§ **WORK ITEM**
Using the data below, output a verbatim copy of the lines between the one holding "Personalisiertes Foto Kissen" and the one holding "Ambesonne Grunge Pet", inclusive, without any pictures.

§ **MATERIAL SUPPLIED**
++++++++++

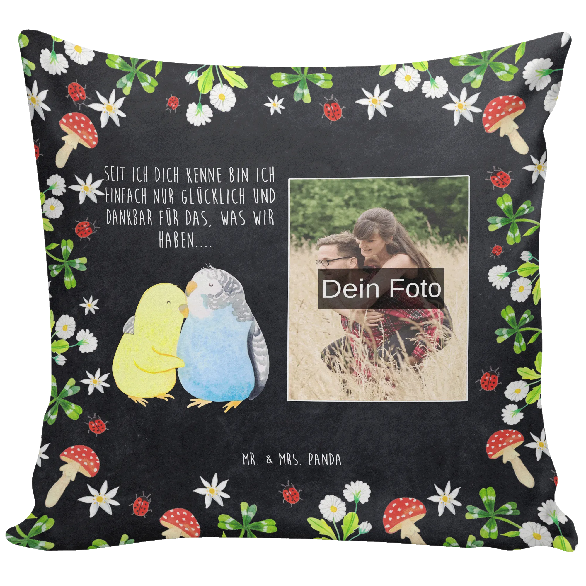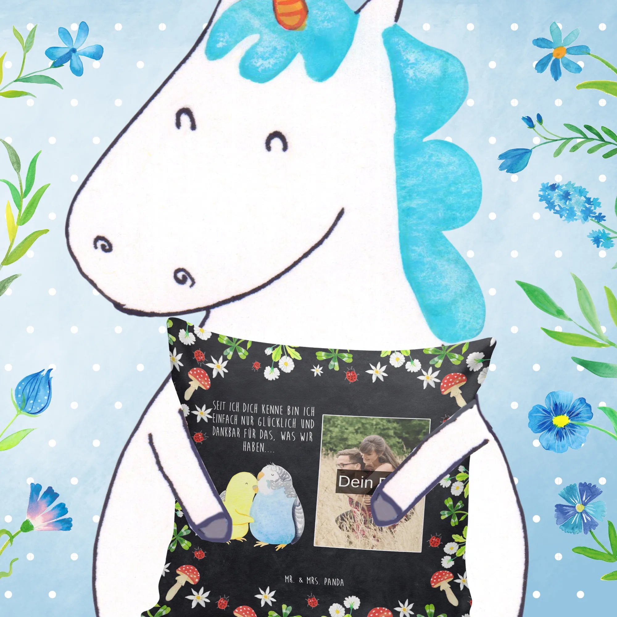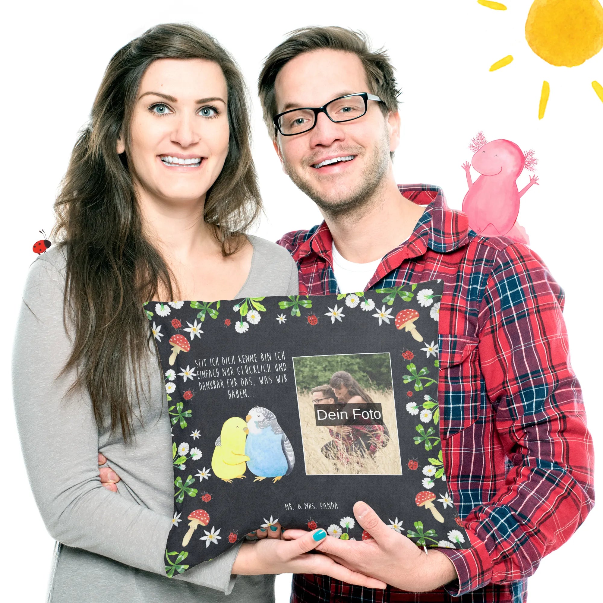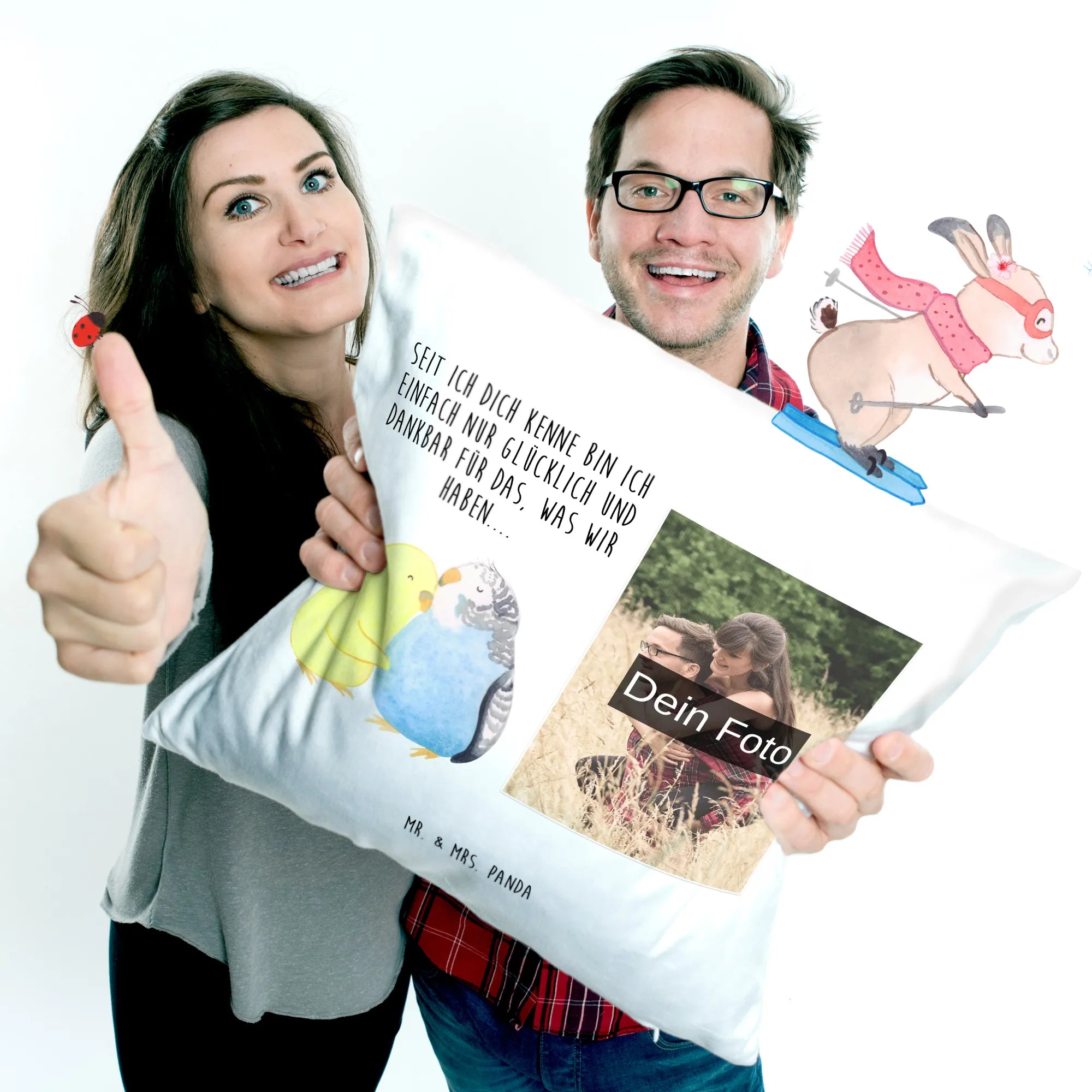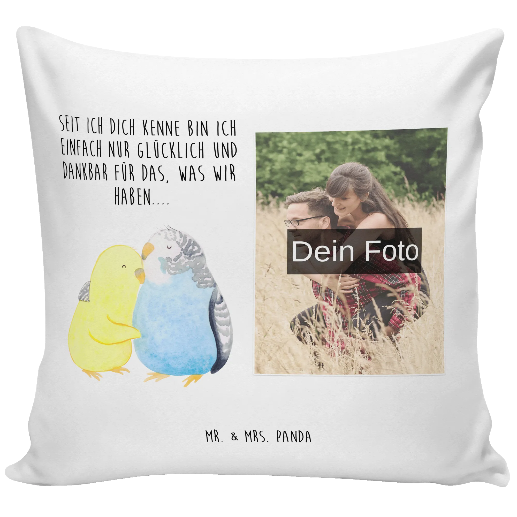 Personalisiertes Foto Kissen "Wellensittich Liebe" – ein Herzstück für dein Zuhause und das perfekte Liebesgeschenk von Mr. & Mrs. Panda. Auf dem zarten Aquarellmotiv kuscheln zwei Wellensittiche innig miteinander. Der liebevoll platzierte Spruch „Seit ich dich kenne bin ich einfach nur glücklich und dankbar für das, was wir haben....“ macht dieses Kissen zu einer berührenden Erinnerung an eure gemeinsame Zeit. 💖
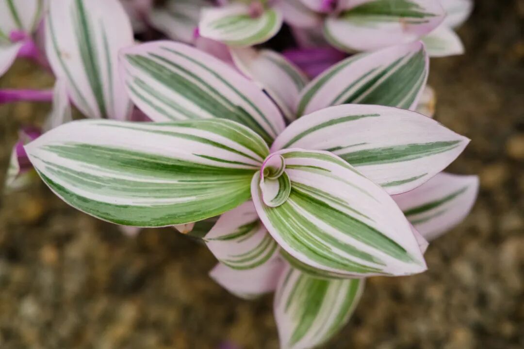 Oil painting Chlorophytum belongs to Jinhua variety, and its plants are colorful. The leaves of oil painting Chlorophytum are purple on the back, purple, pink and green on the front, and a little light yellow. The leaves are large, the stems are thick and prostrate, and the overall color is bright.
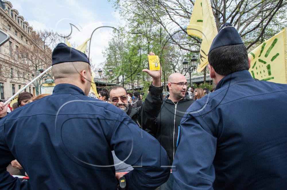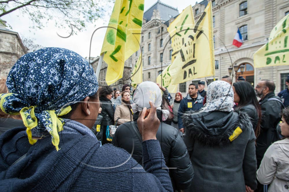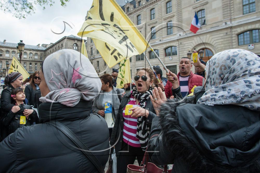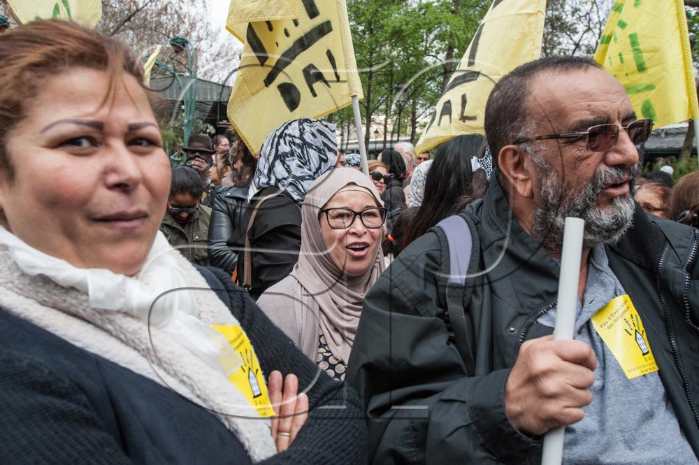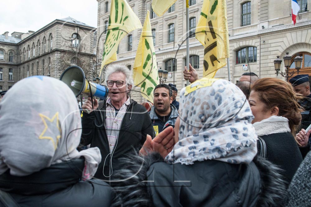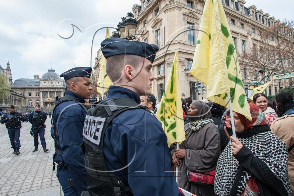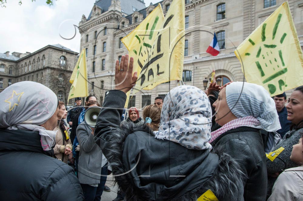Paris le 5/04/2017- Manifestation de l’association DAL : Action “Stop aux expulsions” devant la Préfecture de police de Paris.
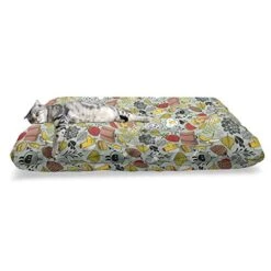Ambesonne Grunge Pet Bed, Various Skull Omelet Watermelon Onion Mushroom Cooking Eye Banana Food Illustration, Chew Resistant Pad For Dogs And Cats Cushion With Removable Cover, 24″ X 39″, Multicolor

++++++++++

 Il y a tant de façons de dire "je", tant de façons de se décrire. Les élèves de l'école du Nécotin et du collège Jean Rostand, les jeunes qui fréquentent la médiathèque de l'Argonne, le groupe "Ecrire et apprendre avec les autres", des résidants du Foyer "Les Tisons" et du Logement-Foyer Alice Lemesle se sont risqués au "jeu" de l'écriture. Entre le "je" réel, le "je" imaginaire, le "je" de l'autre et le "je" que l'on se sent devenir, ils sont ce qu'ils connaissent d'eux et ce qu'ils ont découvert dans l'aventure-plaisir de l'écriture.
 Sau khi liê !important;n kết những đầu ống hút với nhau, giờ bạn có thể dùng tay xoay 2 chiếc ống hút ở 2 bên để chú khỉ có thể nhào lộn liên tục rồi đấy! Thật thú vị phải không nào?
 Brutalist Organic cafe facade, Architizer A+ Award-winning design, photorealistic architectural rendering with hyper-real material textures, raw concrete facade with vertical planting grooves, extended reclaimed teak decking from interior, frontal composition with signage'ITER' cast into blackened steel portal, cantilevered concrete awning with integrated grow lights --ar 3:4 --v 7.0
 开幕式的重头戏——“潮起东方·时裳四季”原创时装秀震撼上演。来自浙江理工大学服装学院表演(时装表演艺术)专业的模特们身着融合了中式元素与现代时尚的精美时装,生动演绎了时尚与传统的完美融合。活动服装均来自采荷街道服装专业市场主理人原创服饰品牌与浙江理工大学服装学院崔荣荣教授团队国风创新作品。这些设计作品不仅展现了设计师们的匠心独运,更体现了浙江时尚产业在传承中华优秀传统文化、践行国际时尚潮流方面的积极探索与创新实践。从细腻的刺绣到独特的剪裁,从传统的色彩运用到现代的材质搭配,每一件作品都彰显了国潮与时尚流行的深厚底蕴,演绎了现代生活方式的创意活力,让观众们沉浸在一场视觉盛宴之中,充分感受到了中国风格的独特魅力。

++++++++++

§ **EXERCISE RESPONSE**
 Personalisiertes Foto Kissen "Wellensittich Liebe" – ein Herzstück für dein Zuhause und das perfekte Liebesgeschenk von Mr. & Mrs. Panda. Auf dem zarten Aquarellmotiv kuscheln zwei Wellensittiche innig miteinander. Der liebevoll platzierte Spruch „Seit ich dich kenne bin ich einfach nur glücklich und dankbar für das, was wir haben....“ macht dieses Kissen zu einer berührenden Erinnerung an eure gemeinsame Zeit. 💖
 Oil painting Chlorophytum belongs to Jinhua variety, and its plants are colorful. The leaves of oil painting Chlorophytum are purple on the back, purple, pink and green on the front, and a little light yellow. The leaves are large, the stems are thick and prostrate, and the overall color is bright.
Paris le 5/04/2017- Manifestation de l’association DAL : Action “Stop aux expulsions” devant la Préfecture de police de Paris.
Ambesonne Grunge Pet Bed, Various Skull Omelet Watermelon Onion Mushroom Cooking Eye Banana Food Illustration, Chew Resistant Pad For Dogs And Cats Cushion With Removable Cover, 24″ X 39″, Multicolor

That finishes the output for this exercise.